▶ _Task requirements_: Of all the entries below, only the lines from the one with "den effekt kann" up to and including the one with "Greeting card shown" are to be duplicated exactly.

▶ _Extracted records_:
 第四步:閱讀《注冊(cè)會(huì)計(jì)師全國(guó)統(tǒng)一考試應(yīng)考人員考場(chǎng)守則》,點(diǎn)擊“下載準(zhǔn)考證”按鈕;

--

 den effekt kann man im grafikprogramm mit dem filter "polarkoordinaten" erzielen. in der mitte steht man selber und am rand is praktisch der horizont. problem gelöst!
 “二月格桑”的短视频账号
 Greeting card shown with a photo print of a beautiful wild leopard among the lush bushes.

▶ _Written reply_:
 den effekt kann man im grafikprogramm mit dem filter "polarkoordinaten" erzielen. in der mitte steht man selber und am rand is praktisch der horizont. problem gelöst!
 “二月格桑”的短视频账号
 Greeting card shown with a photo print of a beautiful wild leopard among the lush bushes.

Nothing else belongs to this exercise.